Book: Arthur Laurents; Music: Leonard Bernstein; Lyrics: Stephen Sondheim
At: Lyric Opera of Chicago, 20 N. Wacker Dr. Tickets: 312-827-5600 or LyricOpera.org; $29-$219. Runs through: June 2
West Side Story shares a problem with other hit musicals like Hair ( 1967 ), A Chorus Line ( 1975 ) and Rent ( 1996 ). All were cutting-edge contemporary when they debuted, but the march of time has inevitably turned them into period pieces.
This could be why director Francesca Zambello opted not to entirely fall back on the traditional 1957 setting of West Side Story, which is now making a grand and beautifully sung debut at the Lyric Opera of Chicago.
Now traditionalists will be pleased that Jerome Robbins' original iconic West Side Story choreography has been meticulously recreated by Julio Monge ( although the "Nightmare" portion of the "Somewhere" dream ballet has been lopped off ).
And the basic Romeo and Juliet-inspired love story still shines through thanks to gorgeously acted and sung performances all around. Mikaela Bennett as Maria and Corey Cott as Tony lean more on pop vocal technique to sound like contemporary teenagers instead of sounding overly operatic ( like in composer Leonard Bernstein's own overblown 1985 studio recording ).
And though there were some early brass flubs during the opening prologue, the Lyric Opera Orchestra conducted by James Lowe brought a lush sweep to Bernstein and Stephen Sondheim's jazzy and Latin-inflected score.
But in other ways, Zambello's West Side Story staging is an odd and disquieting jumble. It's as if the director and her design team were updating certain elements to make the musical a reflective dialogue with the country's past and present.
The street slang dreamed up by book writer Arthur Laurents often sounds quaint coming out the mouths of rival Jets and Sharks gang membersespecially since they've been garbed ( and heavily tattooed ) by costume designer Jessica Jahn and makeup designer Sarah Hatten to look like gutter punks you'd encounter on the streets.
Other tiny details can jar, too. After hearing so many white characters disparage Manhattan's newly arrived Puerto Rican community, it's hard to ignore a magazine cutout of Supreme Court Justice Sonia Sotomayor decorating Maria's bedroom ( which is ingeniously revealed in Peter J. Davidson's hulking urban set ).
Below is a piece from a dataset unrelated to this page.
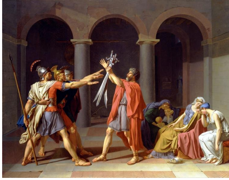
Resim 1. Jacques Louis David Horace Kardeşlerin Yemini, Tuval üzerine yağlı boya, 330x425 cm, 1784, Louvre Müzesi, Paris, Fransa. (Farthing, 2010: 260).

Konusu antik bir hikâyeden alınan Horace'ların Yemini adlı resim Neoklasisizmin ilk baş yapıtı olarak nitelendirilmektedir (Farthing, 2010: 261). Cornaille'nin Horace (Horatius) isimli trajedisinden esinlenerek oluşturduğu Horatiuslar'ın Yemini, Fransa'nın devrim öncesi karışık yapısına çözüm arayışı sunan bir sanat yapıtı olarak kabul görülmüştür (Eczacıbaşı Sanat Ansiklopedisi (a), 1997, 428). Kral tarafından Güzel Sanatlar Bakanlığı için sipariş edilen eser David'in ellerinde özgün bir üslupla ortaya konularak sanat tarihinin mihenk taşlarından birini oluşturmuştur. Neoklasisizmde ön plana çıkan fotoğrafik gerçeklik etkisi eserde fırça tuşelerinin yumuşaklığıyla teknik mükemmelliği ortaya çıkaran unsurlarla donatılmıştır.

I'm guessing that Zambello and company don't want contemporary West Side Story audiences to settle into the safety of watching a period piece. With so many contemporary visuals laid on top of the musical's 1950s framework, it's tough to think, "Thank God we've progressed beyond those outdated attitudes."
So approach the Lyric's grand staging of West Side Story in the same way you might with an updated Shakespearean production. The historical details may nag a bit, but the universality and raw emotions all ring true.